TASK TO COMPLETE – After locating the line with "Offenes Kapuzensweatshirt, lange" in the entries below, set down exactly that line and each one after it to the end, skipping pictures.

DATA FOR PROCESSING –
= Beginning of Section =

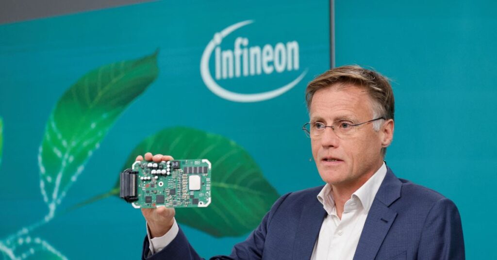 [1/6]Infineon CEO Jochen Hanebeck holds up an Infineon Aurix-Microcontroller during the annual results news conference in Munich, Germany, November 15, 2023. REUTERS/Michaela Rehle Acquire Licensing Rights
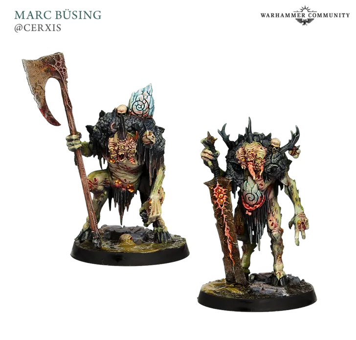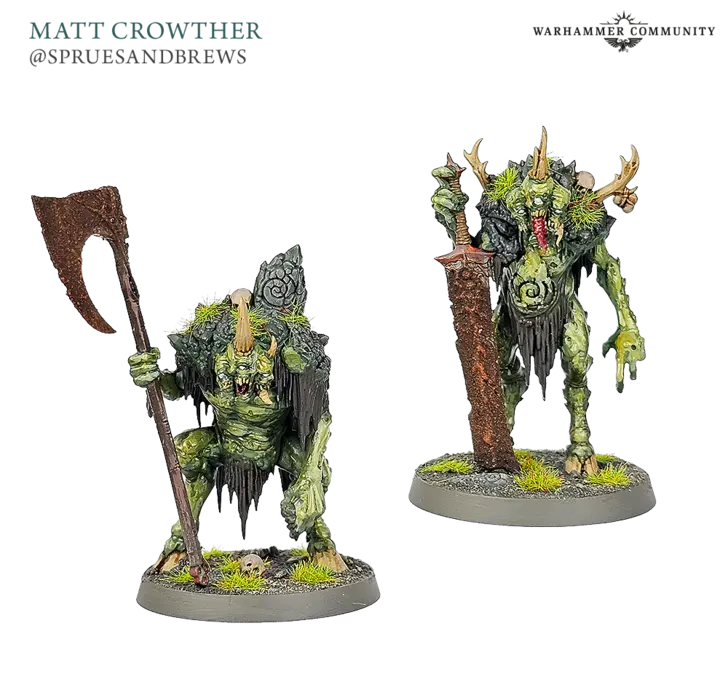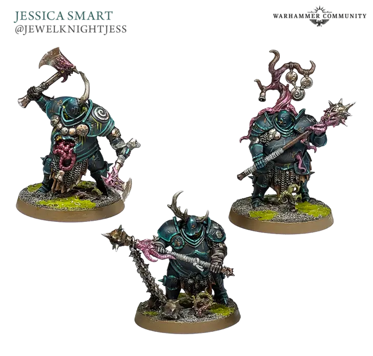 با یک ارتش واقعی از مینیونها و باسها در جعبه، نقاشان شجاع جامعهمان همچنین یک ضیافت فاسد از کارهای رنگآمیزی باشکوه به ما عرضه کردند. Matt Crowther چندین Pestigors را گردآوری کرد، Rob Wolters از Battle Bunnies یک تهدید سهتایی خوشایند برای نورگل شامل Foulhoof و Pestigors نگهبان فراهم کرد، و Jessica Smart یک دسته از Mire Kelpies فاسد اما بهطرز عجیبی خوشنشان را رنگآمیزی کرد.
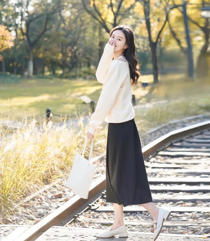落落大方的一套,春季这么穿整个人都显得很气质哟~白色小粗跟乐福鞋,这种鞋子就是专属于春季的,无论你选择什么衣服来配,基本都是可以的。黑色半身长裙+杏色的上衣,这么一套配色看起来实在是太温柔了,对吧?
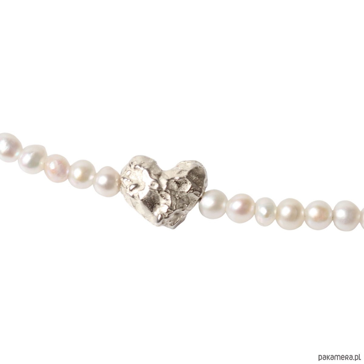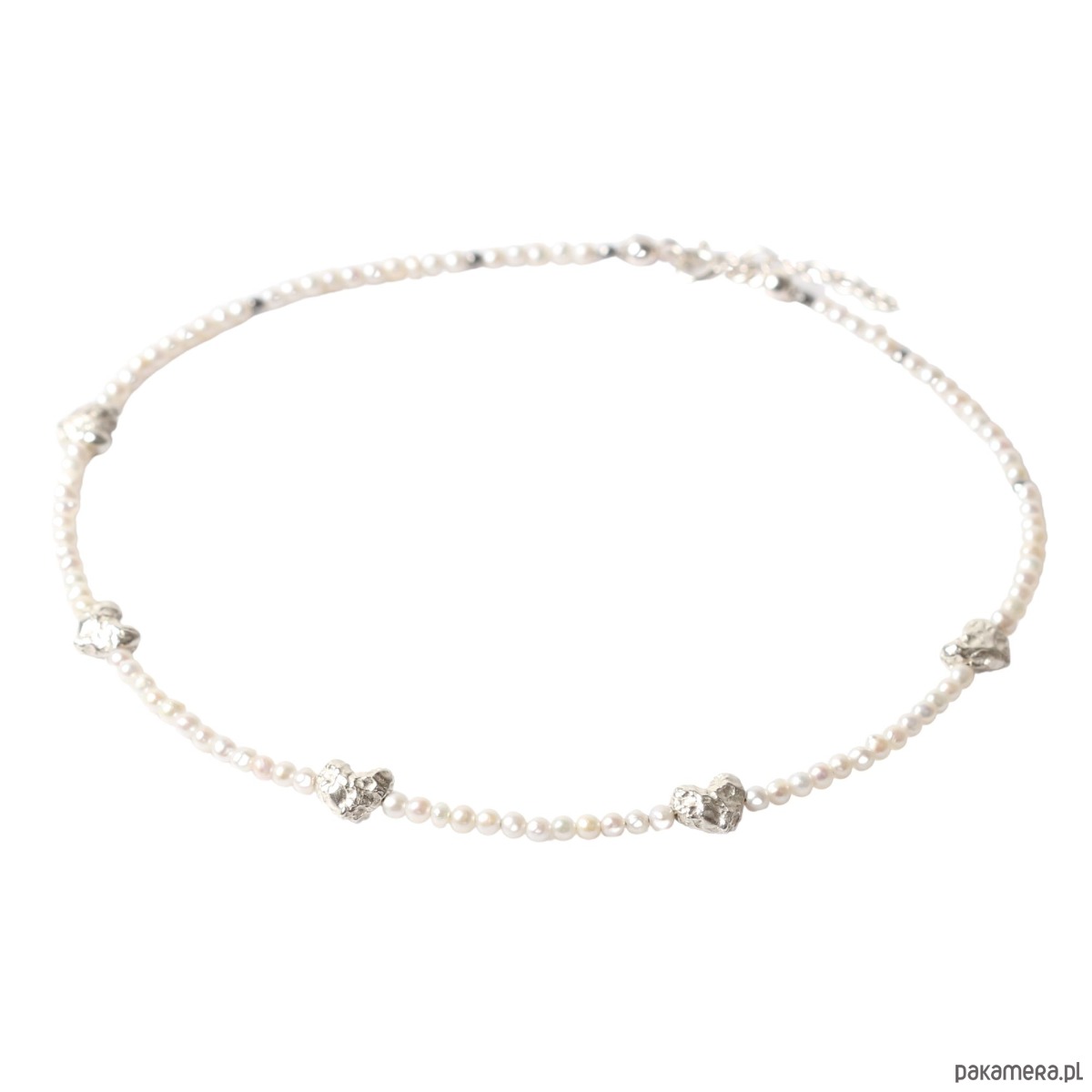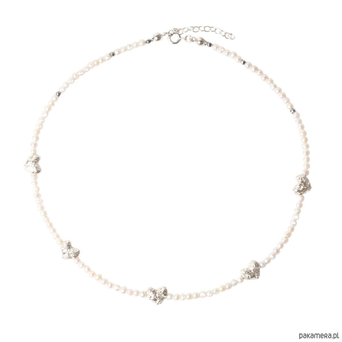 Naszyjnik ze srebrnymi serduszkami i perłami Organica
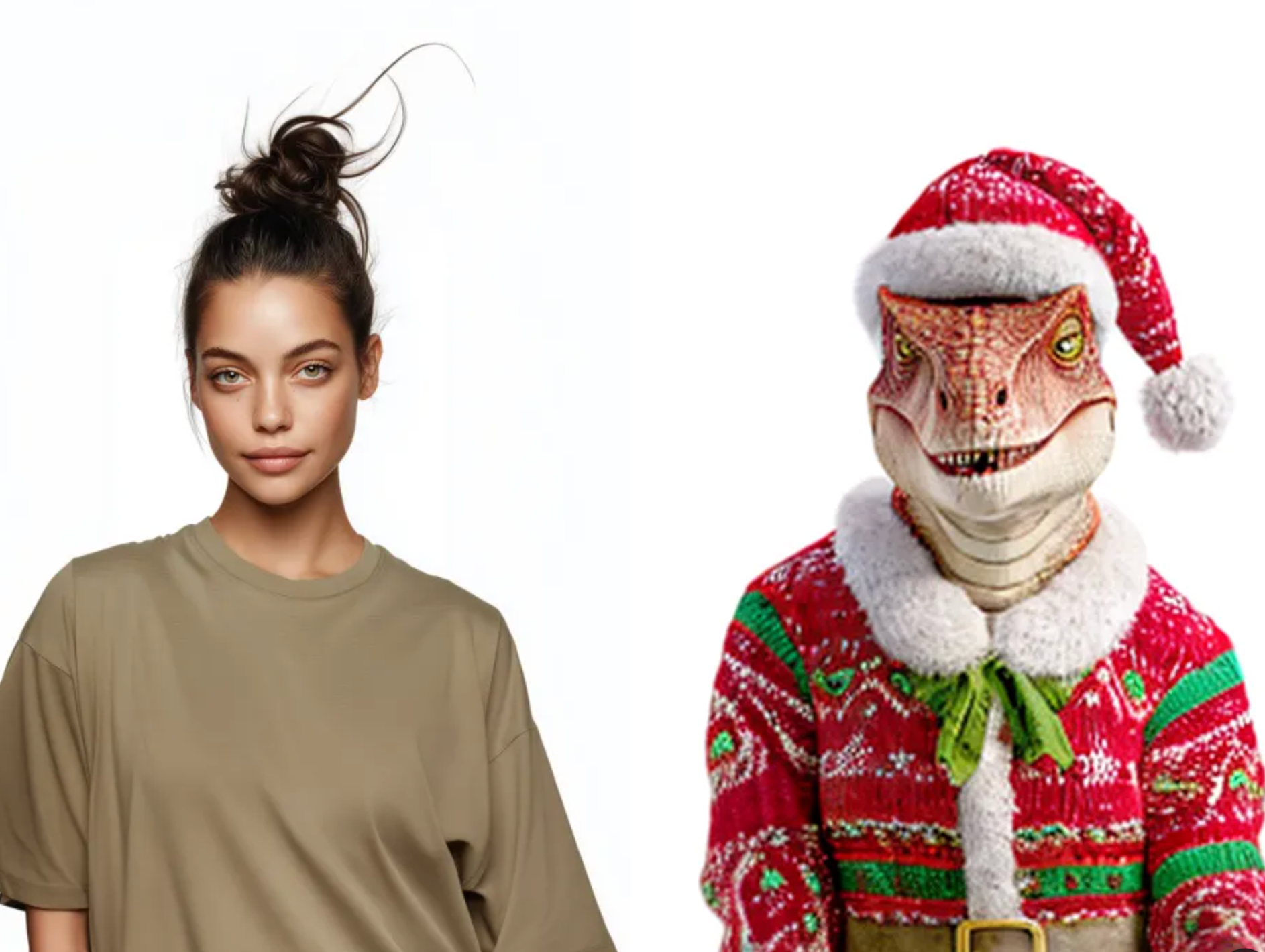 Lighting is also transferred. In the example below, side lighting from the reference image is reflected in the generated ML model.
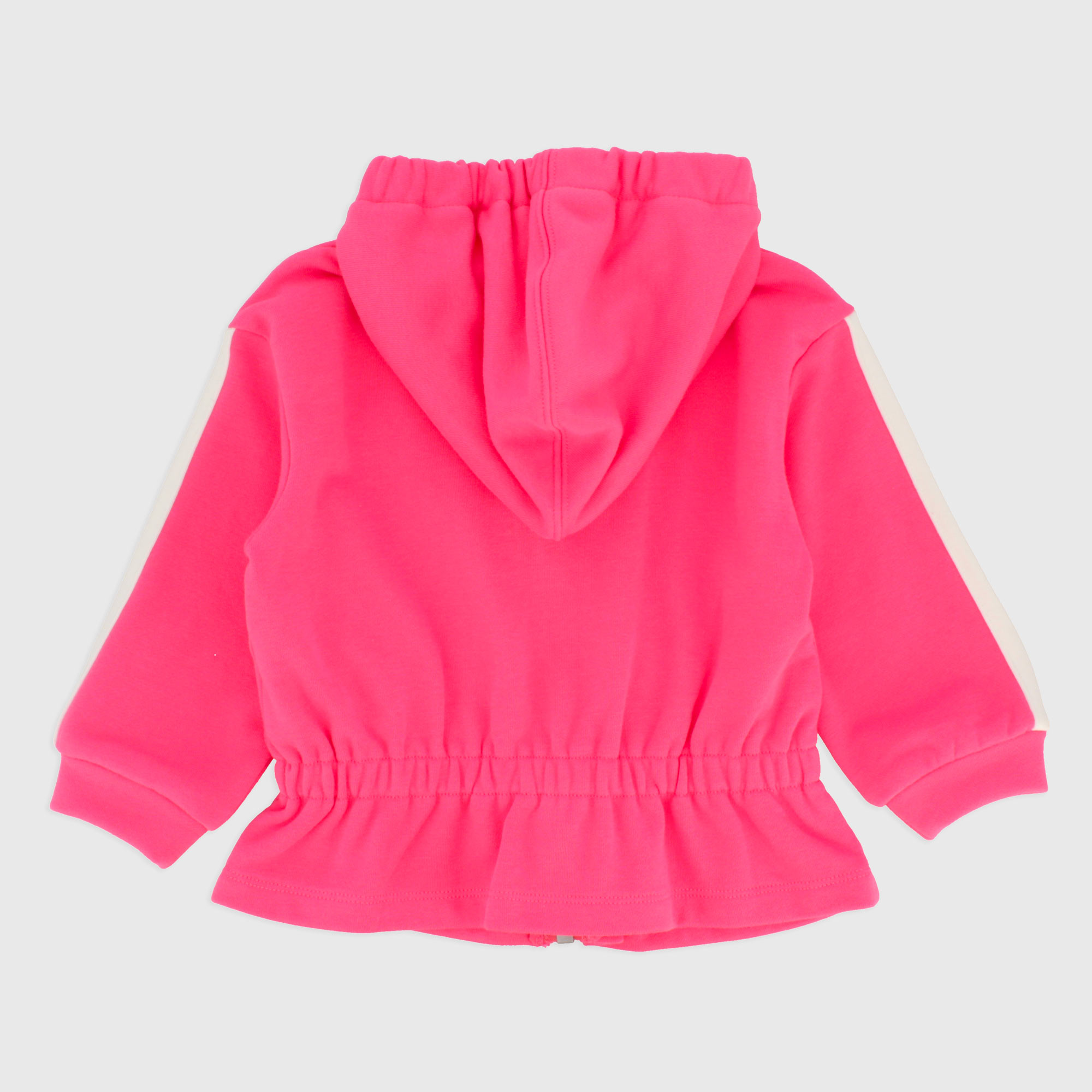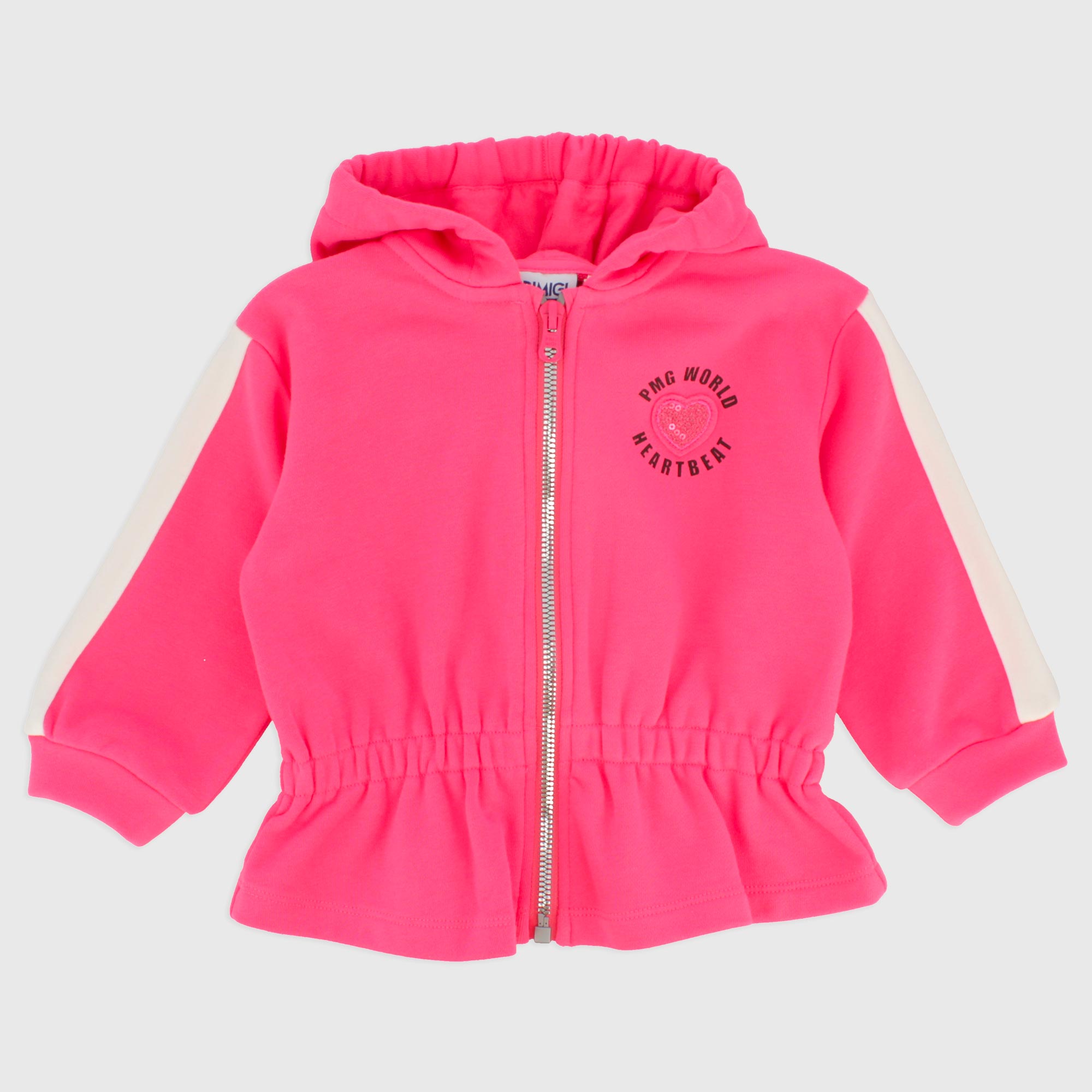Offenes Kapuzensweatshirt, lange Ärmel. Reißverschluss vorne. Kontrastierende Einsätze an den Ärmeln. Herzförmiger Patch mit Pailletten und Print auf der Vorderseite.
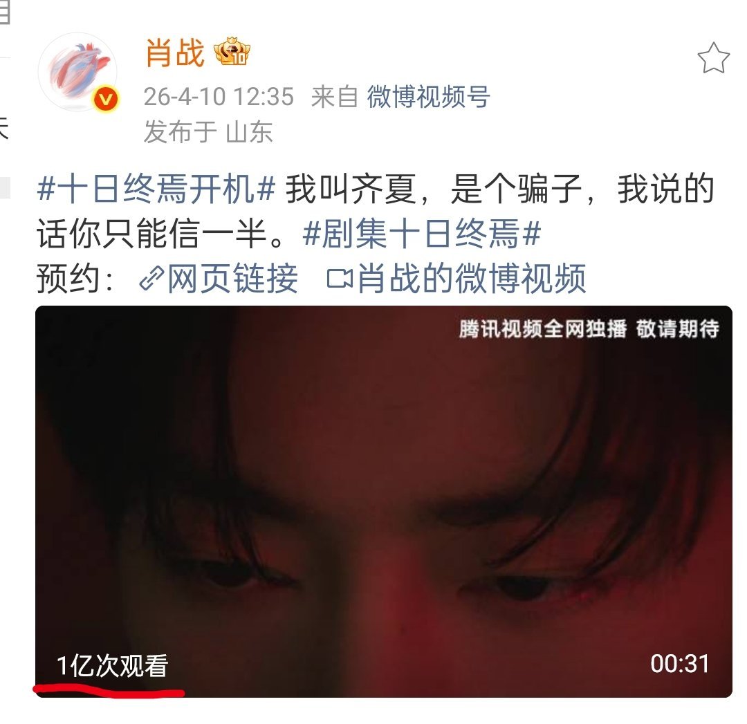 肖战肖战十日终焉微指破亿 首部在蓄水期就微博指数破亿☝🏻官宣不到两天,肖战单人预告播放量破亿🔥,有肖战等于神buff,《十日终焉》开机即炸穿内娱!!! 肖战齐夏

= End of Section =

ANSWER TO THIS TASK –
Offenes Kapuzensweatshirt, lange Ärmel. Reißverschluss vorne. Kontrastierende Einsätze an den Ärmeln. Herzförmiger Patch mit Pailletten und Print auf der Vorderseite.
 肖战肖战十日终焉微指破亿 首部在蓄水期就微博指数破亿☝🏻官宣不到两天,肖战单人预告播放量破亿🔥,有肖战等于神buff,《十日终焉》开机即炸穿内娱!!! 肖战齐夏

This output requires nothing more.